=== Section Start ===

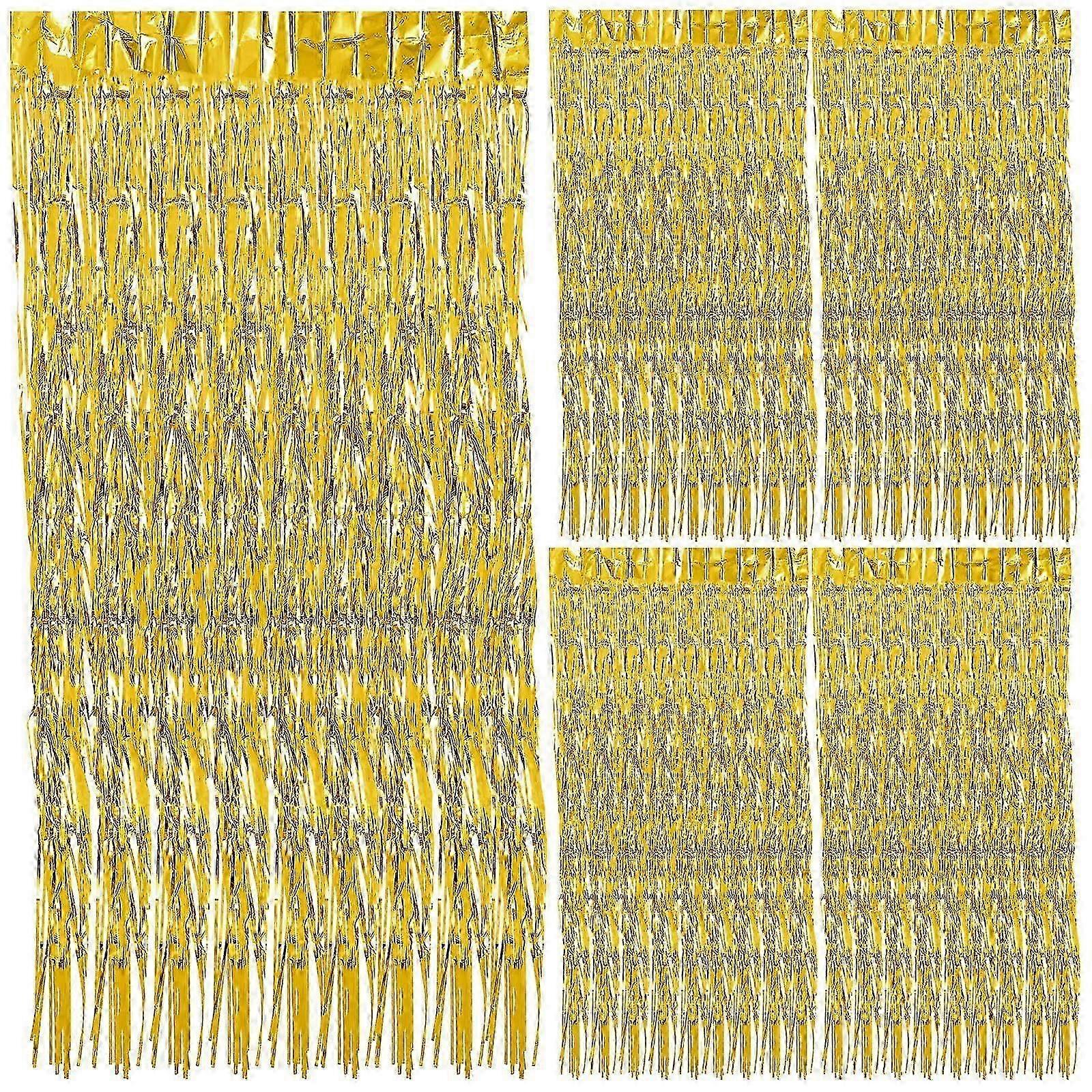Golden Fringe Backdrop Wedding Foil Fringe Curtain Background Arrangement Plastic Material 200X100X0.1CM 5Pcs
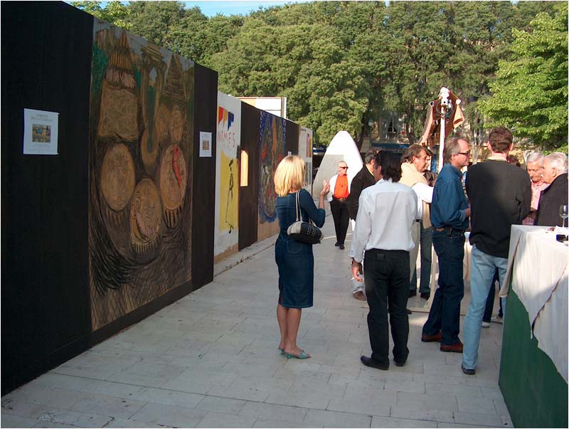 Par la suite, en 2004, Christophe Donnet que je connaissais à travers son journal "La vie des halles", m'a contacté pour participer au livre "120 ans de vie aux halles" avec Philippe Ritter et Michel Gilles. À cette occasion j'ai découvert une autre facette de Michel, personnage nîmois haut en couleur comme ses tableaux, avec des relations amicales, chaudes, sincères et désintéressées. G. M. ![]() Couverture du livre réalisée par Michel Gilles ![]() Tableau de Michel Gilles, collection Mireille Ritter ayant servi de modèle pour l'affiche de la Féria de Nîmes 2009 -oOo- Après le départ de son ami Michel
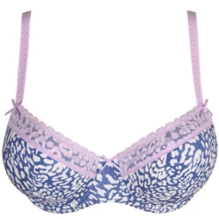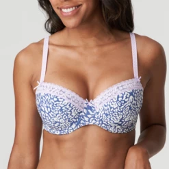 Der Lari Balconette BH von PrimaDonna Twist ist in der Farbe Pastel Denim erhältlich. Dieser glatte Balconette BH hat Schaumstoff-Cups und einen trendigen Tierprint, der sich auf den Trägern fortsetzt. Die feinen goldenen Nieten an den schlichten Schulterträgern verleihen Ihrem Look einen zusätzlichen Glanz. Pastel Denim ist eine Kombination aus Denimblau und hellem Pastelllila. Ein trendiger Animalprint, ein feiner Stoff im Denim-Look und Träger, die sich sehen lassen können: PrimaDonna Twist Lari hat alles. Diese Sets sind auch unter all Ihren Sommerkleidern völlig glatt und bieten Ihrem volleren Busen die bestmögliche Unterstützung.
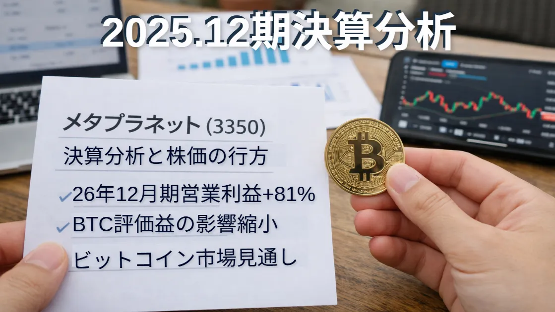 株価は2024年〜2025年にかけて大きく下落し、個人投資家の心理は冷え込んだまま。今回の記事では、冷静な決算分析と、2026年12月期の強気な業績予想(営業利益+81%)、そしてビットコイン市況を踏まえ、今後の株価がどこまで戻るのかを深掘りしていきます。

=== Section End ===

**YOUR OBJECTIVE:**
Would you copy out every line of the data above exactly, minus the pictures?

**OUTPUT FOR THIS TASK:**
Golden Fringe Backdrop Wedding Foil Fringe Curtain Background Arrangement Plastic Material 200X100X0.1CM 5Pcs
 Par la suite, en 2004, Christophe Donnet que je connaissais à travers son journal "La vie des halles", m'a contacté pour participer au livre "120 ans de vie aux halles" avec Philippe Ritter et Michel Gilles. À cette occasion j'ai découvert une autre facette de Michel, personnage nîmois haut en couleur comme ses tableaux, avec des relations amicales, chaudes, sincères et désintéressées. G. M. ![]() Couverture du livre réalisée par Michel Gilles ![]() Tableau de Michel Gilles, collection Mireille Ritter ayant servi de modèle pour l'affiche de la Féria de Nîmes 2009 -oOo- Après le départ de son ami Michel
 Der Lari Balconette BH von PrimaDonna Twist ist in der Farbe Pastel Denim erhältlich. Dieser glatte Balconette BH hat Schaumstoff-Cups und einen trendigen Tierprint, der sich auf den Trägern fortsetzt. Die feinen goldenen Nieten an den schlichten Schulterträgern verleihen Ihrem Look einen zusätzlichen Glanz. Pastel Denim ist eine Kombination aus Denimblau und hellem Pastelllila. Ein trendiger Animalprint, ein feiner Stoff im Denim-Look und Träger, die sich sehen lassen können: PrimaDonna Twist Lari hat alles. Diese Sets sind auch unter all Ihren Sommerkleidern völlig glatt und bieten Ihrem volleren Busen die bestmögliche Unterstützung.
 株価は2024年〜2025年にかけて大きく下落し、個人投資家の心理は冷え込んだまま。今回の記事では、冷静な決算分析と、2026年12月期の強気な業績予想(営業利益+81%)、そしてビットコイン市況を踏まえ、今後の株価がどこまで戻るのかを深掘りしていきます。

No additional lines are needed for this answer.